For AARs, we relied on the dispersal–extinction–cladogenesis (DEC) model, implemented in Lagrange (Ree et al., 2005; Ree & Smith, 2008). It uses the information contained in genetic branch lengths and allows the incorporation of changing dispersal probabilities across areas and time. We devised two time-slice models, one with bins of 0–30, 30–90 and 90–150 Ma, and the other with bins of 0–30, 30–60, 60–90 and 90–150 Ma (Table S3). The oldest bin captures the plate tectonic situation before the breakup of West Gondwana, and the youngest the period during which the Central American land bridge and South-East Asia formed. The middle bins tried to capture connectivity via the North Atlantic land bridge and Antarctica, and differed in the way in which India connects to Eurasia (Table S3). Our nine operational geographical units were Eurasia (A), Africa (B), Madagascar (C), South-East Asia and India (D), Australia (E), North and Central America (F), South America (G) and Antarctica (H). To accommodate the mostly globally distributed water-associated and free-floating taxa, we created a ninth category, ‘water-associated’ (I), assigned to the marine Alismatales families Cymodoceaceae, Posidoniaceae, Ruppiaceae and Zosteraceae, the freshwater aquatics Alismataceae, Aponogetonaceae and Potamogetonaceae, plants of marshy coastal habitats (Juncaginaceae), and free-floating Araceae (Lemnoideae, Pistia). Remusatia was coded as present only in area D because most of its species occur in the Himalayan foothills and the Western Ghats of India; the widespread R. vivipara, occurring in Africa, Asia and Australia, is especially adapted to bird dispersal. Similarly, Pothos, occurring on Madagascar with one widespread species (P. scandens), was only coded for areas A, D and E, where it has several species, and Sauromatum was only coded for areas A and D, although it also has one species (S. venosum) ranging from Africa to tropical China. Spathiphyllum was coded for South America and Central North America, where 44 species occur, but not for South-East Asia, where S. commutatum and S. solomonense occur on the Philippines and New Guinea; its monospecific sister group, Holochlamys, is endemic on New Guinea. In the absence of molecular phylogenetic evidence on the relationships of the two Asian Spathiphyllum species, we felt it unwise to code this genus as present in Asia because its two Asian species may turn out instead to belong to Holochlamys.

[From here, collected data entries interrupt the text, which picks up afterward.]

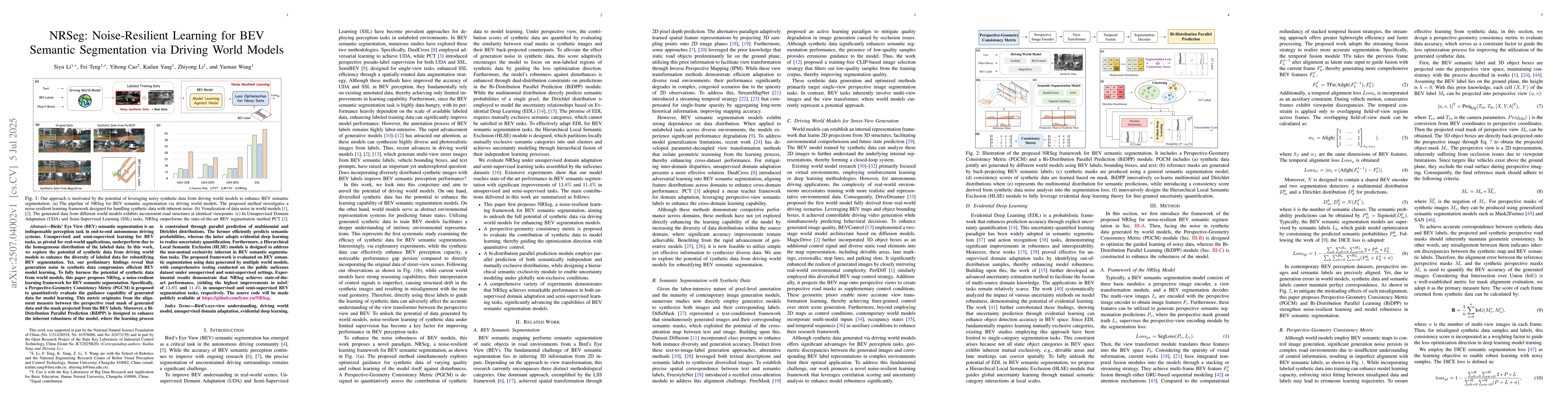 Birds' Eye View (BEV) semantic segmentation is an indispensable perception task in end-to-end autonomous driving systems. Unsupervised and semi-supervised learning for BEV tasks, as pivotal for real-world applications, underperform due to the homogeneous distribution of the labeled data. In this work, we explore the potential of synthetic data from driving world models to enhance the diversity of labeled data for robustifying BEV segmentation. Yet, our preliminary findings reveal that generation noise in synthetic data compromises efficient BEV model learning. To fully harness the potential of synthetic data from world models, this paper proposes NRSeg, a noise-resilient learning framework for BEV semantic segmentation. Specifically, a Perspective-Geometry Consistency Metric (PGCM) is proposed to quantitatively evaluate the guidance capability of generated data for model learning. This metric originates from the alignment measure between the perspective road mask of generated data and the mask projected from the BEV labels. Moreover, a Bi-Distribution Parallel Prediction (BiDPP) is designed to enhance the inherent robustness of the model, where the learning process is constrained through parallel prediction of multinomial and Dirichlet distributions. The former efficiently predicts semantic probabilities, whereas the latter adopts evidential deep learning to realize uncertainty quantification. Furthermore, a Hierarchical Local Semantic Exclusion (HLSE) module is designed to address the non-mutual exclusivity inherent in BEV semantic segmentation tasks. Experimental results demonstrate that NRSeg achieves state-of-the-art performance, yielding the highest improvements in mIoU of 13.8% and 11.4% in unsupervised and semi-supervised BEV segmentation tasks, respectively. The source code will be made publicly available at https://github.com/lynn-yu/NRSeg.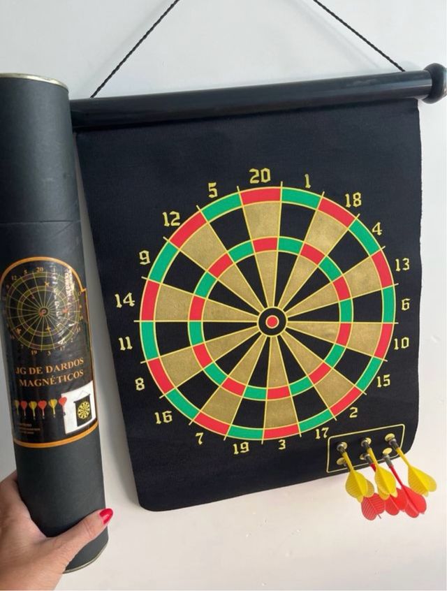 Juego de dardos magnéticos con diana. - Diana de tela negra con números. - Incluye 6 dardos magnéticos (3 rojos, 3 amarillos). - Viene en un tubo de almacenamiento.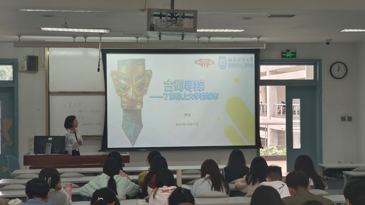 在经世楼F201举办“古蜀寻踪——了解你上大学的城市”文化素质讲座,主讲人为中国博物馆协会会员、四川博物院志愿者委员会委员罗洁,辅导员徐淼主持讲座,来自管理科学与工程学院、计算机与人工智能学院、 人文与艺术学院的70余名同学参加了本次讲座。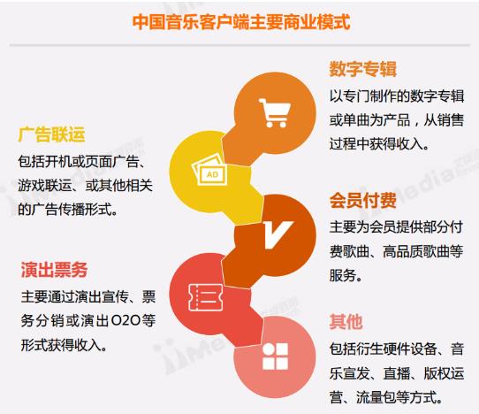 音樂客戶端作為移動音樂產(chǎn)業(yè)的關(guān)鍵內(nèi)容平臺,同時與其他音樂細分行業(yè)存在鏈接關(guān)系。在版權(quán)掩護持續(xù)加強的基礎(chǔ)上,音樂客戶端已經(jīng)發(fā)展出較成熟用戶付費模式,主要以會員及數(shù)字專輯為主;同時,作為移動互聯(lián)網(wǎng)產(chǎn)品,音樂客戶端也以廣告聯(lián)運作為主要商業(yè)模式之一;作為移動互聯(lián)網(wǎng)場景下的音樂產(chǎn)業(yè)和用戶之間的連接通道,音樂客戶端還在積極拓展包孕表演、硬件、版權(quán)、宣發(fā)等多種商業(yè)模式。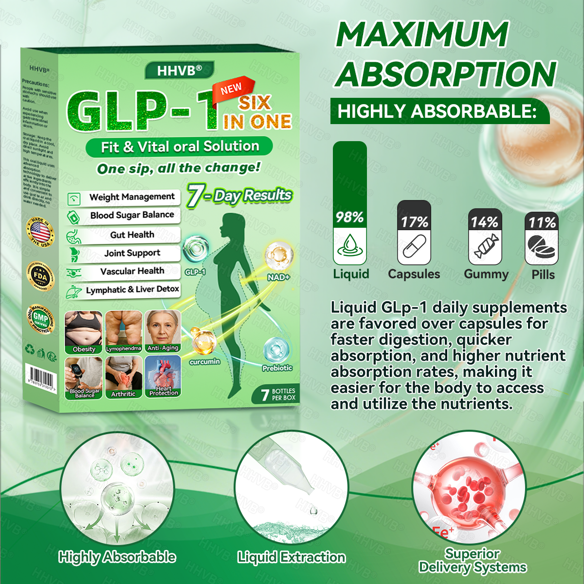 "As an endocrinologist, I am committed to finding effective and natural solutions for metabolic health and weight management. After extensive research and clinical trials with over 5,000 participants, I have found that HHVBยฎ NAD+GLP-1 SIX-IN-ONE Fit&Vital Oral Solution offers remarkable benefits for metabolism, appetite control, and overall well-being. This formula naturally supports GLP-1 activation, helping regulate blood sugar levels, curb cravings, and enhance fat burning. Its powerful blend of apple cider vinegar, turmeric, and other natural ingredients not only aids in healthy weight loss but also promotes digestive health, boosts immunity, and supports long-term metabolic balance. With the backing of modern medical research, HHVBยฎย is a trusted, science-driven choice for those seeking a natural and effective approach to weight management and overall health."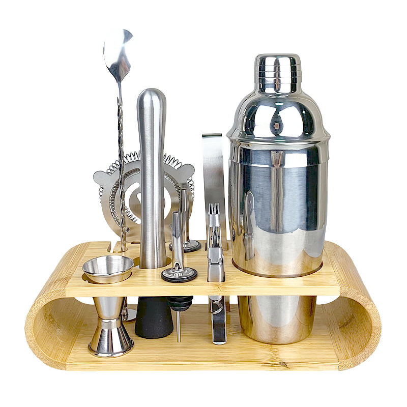 King International ชุดอุปกรณ์บาร์สเตนเลสสตีล,ชุดเชกเกอร์ขนาด750มล. ทำจากไม้ไผ่
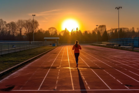 Runner on Track at Sunrise in Outdoor Stadium: Fitness, Athletics, Training, Health, Sports

To create a tree that included all families of Alismatales (the order to which the Araceae family belongs), we manually added one representative per family to a newick tree file obtained from BEAST. The topology and divergence times were constrained to match the results of the large monocot chronogram of Janssen & Bremer (2004). The enlarged tree had 145 tips (132 Araceae and 13 outgroups) and became the input tree for Lagrange. To create Python script input files (with the tree of choice and the area connectivity probability matrices; Table S3), we used the Lagrange online configurator tool. Ancestral areas were limited to maximally two, and a relative probability of > 66.6% was considered to be strong support for an ancestral range scenario.
To integrate fossil ranges into the reconstructions, we added them manually in the newick chronogram (as performed for the Alismatales outgroups, above). Each fossil was inserted along the stem lineage of the group to which it had been assigned, with its age determining where it was placed. In addition, each fossil was given either a short branch length (1 Ma), simulating an extinct range, or a long branch length (the fossil’s age), simulating a range occupied for a long time (until today). When fossils are given short branch lengths, the DEC model, which considers branch lengths as proportional to time, will treat any range shifts indicated by their geographical occurrences as evidence for rapid geographical change (and, conversely, for long branch lengths). One of the seven fossils used for clock calibration, Limnobiophyllum scutatum, was not used in the AAR because it was too young to be assigned to the relevant stem lineage, whereas three others that had not been used as constraints were added because they contributed geographical information (Lysichiton austriacus, Orontium mackeii and Keratosperma allenbyense; Table S2).